Note the word “disproportional”.  Keep in mind that this is a PASSIVE data system, meaning it doesn’t actively seek out side effect reports, but it sits there waiting for doctors to report them.  I am trying to imagine how many more cases out there are unreported.

and 3) There were 32 deaths.

Okay, 32 deaths out of millions of doses given… that’s not very large.  However, what comes to mind is that I have a daughter of my own.  How would I feel if that daughter of mine were one of that 32?  One of the 772 with “serious” side effects?

Of course, I could look at the other side of the fence and think, what if my daughter gets exposed to HPV?  Develops pre-cancerous lesions?

How to balance the two?

There are two factors that make me lean towards avoiding this vaccine for now.

First is the fact that this vaccine is still relatively new.  Thus, it’s long term effects are still in question.  People now do not recall the Polio Vaccine snafu that happened in the 1950s, when it became apparent that Salk’s polio vaccine actually CAUSED more cases of polio.

Second is the fact that the incidence of cervical cancer is actually lowering.  Instead, we have a rise in detection of carcinoma-in-situ (only seen cellularly).  Why? Pap smears, that’s why!  With regular screening, we can find pre-cancerous lesions, treat early, and prevent cancer.  With diseases like Hepatitis B, we don’t have that luxury.

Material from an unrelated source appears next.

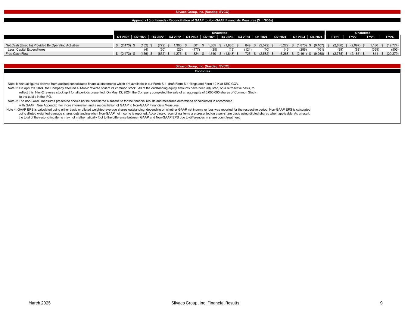 Silvaco Group, Inc. (Nasdaq: SVCO) Appendix I (continued) - Reconciliation of GAAP to Non-GAAP Financials Measures ($ in '000s) Unaudited Unaudited Q1 2022 Q2 2022 Q3 2022 Q4 2022 Q1 2023 Q2 2023 Q3 2023 Q4 2023 Q1 2024 Q2 2024 Q3 2024 Q4 2024 FY21 FY22 FY23 FY24 Net Cash (Used In) Provided By Operating Activities (2,473)$ (152)$ (772)$ 1,300$ 501$ 1,665$ (1,835)$ 849$ (2,572)$ (6,222)$ (1,873)$ (9,107)$ (2,636)$ (2,097)$ 1,180$ (19,774)$ Less: Capital Expenditures - (4) (60) (25) (177) (25) (13) (124) (10) (46) (288) (161) (99) (89) (339) (505) Free Cash Flow (2,473)$ (156)$ (832)$ 1,275$ 324$ 1,640$ (1,848)$ 725$ (2,582)$ (6,268)$ (2,161)$ (9,268)$ (2,735)$ (2,186)$ 841$ (20,279)$ Silvaco Group, Inc. (Nasdaq: SVCO) Footnotes Note 1: Annual figures derived from audited consolidated financial statements which are available in our Form S-1, draft Form S-1 filings and Form 10-K at SEC.GOV. Note 2: On April 29, 2024, the Company effected a 1-for-2 reverse split of its common stock. All of the outstanding equity amounts have been adjusted, on a retroactive basis, to reflect this 1-for-2 reverse stock split for all periods presented. On May 13, 2024, the Company completed the sale of an aggregate of 6,000,000 shares of Common Stock to the public in the IPO. Note 3: The non-GAAP measures presented should not be considered a substitute for the financial results and measures determined or calculated in accordance with GAAP. See Appendix I for more information and a reconciliation of GAAP to Non-GAAP Financials Measures. Note 4: GAAP EPS is calculated using either basic or diluted weighted-average shares outstanding, depending on whether GAAP net income or loss was reported for the respective period. Non-GAAP EPS is calculated using diluted weighted-average shares outstanding when Non-GAAP net income is reported. Accordingly, reconciling items are presented on a per-share basis using diluted shares when applicable. As a result, the total of the reconciling items may not mathematically foot to the difference between GAAP and Non-GAAP EPS due to differences in share count treatment. March 2025 Silvaco Group, Inc. Financial Results 9

Methinks I will wait ten years before pronouncing HPV vaccines as safe and reliable.

In the meantime, let’s also look at the applicable Chinese Medicine principles here.  Behaviors influence disease.  In the case of HPV, one is most at risk by having promiscuous sex with several partners.  (Well that was redundant… promiscuous sex with several partners…)  Logic dictates that proper behavior not only protects against HPV but other sexually transmitted infections as well.

Final seemingly-unrelated-thought: I also find it amusing that if a person with an underlying medical problem dies and is found to have been infected with H1N1, authorities are quick to assume that H1N1 caused the death by complicating the underlying problem.  Yet, when a person with an underlying medical problem is jabbed with a vaccine and dies, the same authorities are quick to rule out the vaccine as a cause of death because of the presence of the underlying problem.  As my good friend Garrick would say, “Huh?”